The adage that politics is the last resort of the scroundel was not born in the Indian context. But of late, shamefully enough, it has come to characterise Indian politics. India has contributed a new metaphor for using a short cut to power and the underlying horse-trading: resort politics. People's representatives who enter legislatures after winning the mandate based on certain policies and programmes of their party and alliances, soon cross floors and make others do the same, or prevent others doing it against them. Resort politics has become a method for all this. Most recently what Maharashtra's Urban Developmenmt Minister Eknath Shinde resorted to was nothing different: he became a dissident leader to topple Maharashtra's Maha Vikas Aghadi (MVA), the three party front of Shiv Sena, NCP and the Congress led by Uddhav Thackeray. After extricating MLAs from the Sena fold, behind the back of Thackeray, Shinde's destination was the BJP stronghold of Surat in Gujarat. By that time, it was certain that behind this was the BJP which recently has been engineering from the front such turncoat politics. When parties fail to win popular support in polling based on their manifesto and campaign, it is incumbent on them to sit in opposition and fulfil their political role. But instead of that, the BJP has evolved a nascent political line of grabbing power by means fair or foul. In Bihar, Madhya Pradesh, Karnataka, Jharkhand ,Goa and in northeastern states, the party employed this strategy in a most degrading manner. The political drama now unfolding in Maharashtra is only part of this farcical show, played out with the arrogance that despite popular will being against them, they are entitled to using all illicit means to grab power.

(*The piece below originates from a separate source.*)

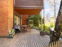 - Aidattu, iso terassialue. Pihalla viinimarjapensaita, pensaita ja istutuksia.
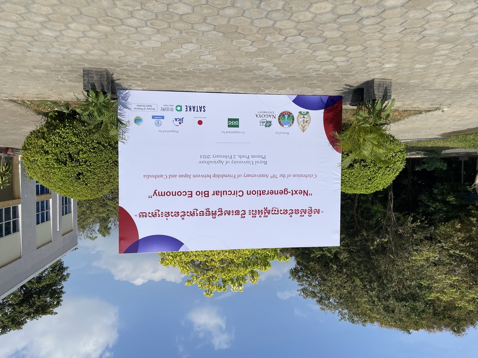 Thanks to cooperation with the Embassy of Japan in Cambodia, Nagoya University could organise this symposium in connection with a series of events celebrating the 70th anniversary of friendship between the two countries. The symposium itself was co-organised with the Royal University of Agriculture, Cambodia, and the General Directorate of Agriculture, Ministry of Agriculture, Forestry, and Fisheries, Cambodia. It was also supported by Cambodian and Japanese government agencies, private companies, and international NGOs.

Even when people vote to keep the BJP and the sangh parivar at a distance from power, and vote to power other parties and fronts, the BJP has developed its own device of luring legislators who seek power and pelf with tantalising offers. And the party's modus operandi has come to be called 'Operation Lotus'. The subversion plan consists in waiting for the moment when discontent erupts in the ruling party and the front and then penetrating that loophole. Eknath Shinde, a popular star in the party, could not reconcile himself to the fact that Uddhav Thackeray was promoting Sena MP Sanjay Raut beyond limit. Insiders say that it was recognizing this that Union Minister Narayan Rane and former Chief Minister Devendra Fadnavis set the stage for the blossoming of lotus in Maharashtra on the bidding and directions of Union Home Minister Amit Shah. The smoke of this unrest was already sighted in the Rajya Sabha election when some Sena and Congress members cross-voted and 'bought' more seats than the BJP had calculated. And in the polling to the Legislative Council last Monday, at least 20 MLAs of MVA alliance also cross-voted. The BJP won all the five seats it contested. After that, Shinde arrived in Surat with a dozen MLAs in search of a resort. That accelerated the floor-crossing from the Sena. The BJP has also intensified its efforts to avenge those who caused a break-up of the Shiv Sena-BJP alliance which had lasted for a quarter of a century. There are no signs of the BJP's effort failing in re-establishing the old tie-up to rule Maharashtra once again. And not for nothing else did Uddhav Thackeray agree to vacate his official residence in advance sensing the message in all this.
Operation Kamal, a byword for subversion of democracy, is a short-cut adopted by the BJP to rule all states in addition to the Centre. This anti-democratic act has become a routine path to hoist governments that people have rejected, on the back of money power. By ensuring a two-thirds of the party's members defecting, the BJP is also rendering the defection law helpless. Even though there is a blatant upending of democracy, even the judiciary has no choice but to ask for amendment and reform of law in this regard. Earlier in Karnataka, the court had dismissed the Speaker's move to block the resignation of MLAs during a political horse-trading. . Even then, in the judgment, the present Chief Justice, NV Ramana, could only take solace by suggesting that the Tenth Schedule of the Constitution should be strengthened to check the horse-trading which deprives the people of stable governments. And in the case following the BJP's move to pull down the Kamal Nath government in Madhya Pradesh, the highest court had observed that the practice of hijacking MLAs from parties and keeping them in safe havens was not in line with democratic norms. At the time, Justice DY Chandrachud also noted that the anti-defection law should be capable of eradicating the menace sprouting against the declared principles of the Constitution and the country. It is the Parliament that should take the initiative to strengthen the law through reforms. But when those holding the reins of that Parliament are themselves looking for unlawful means of sabotaging democracy in the states, then who is to save whom?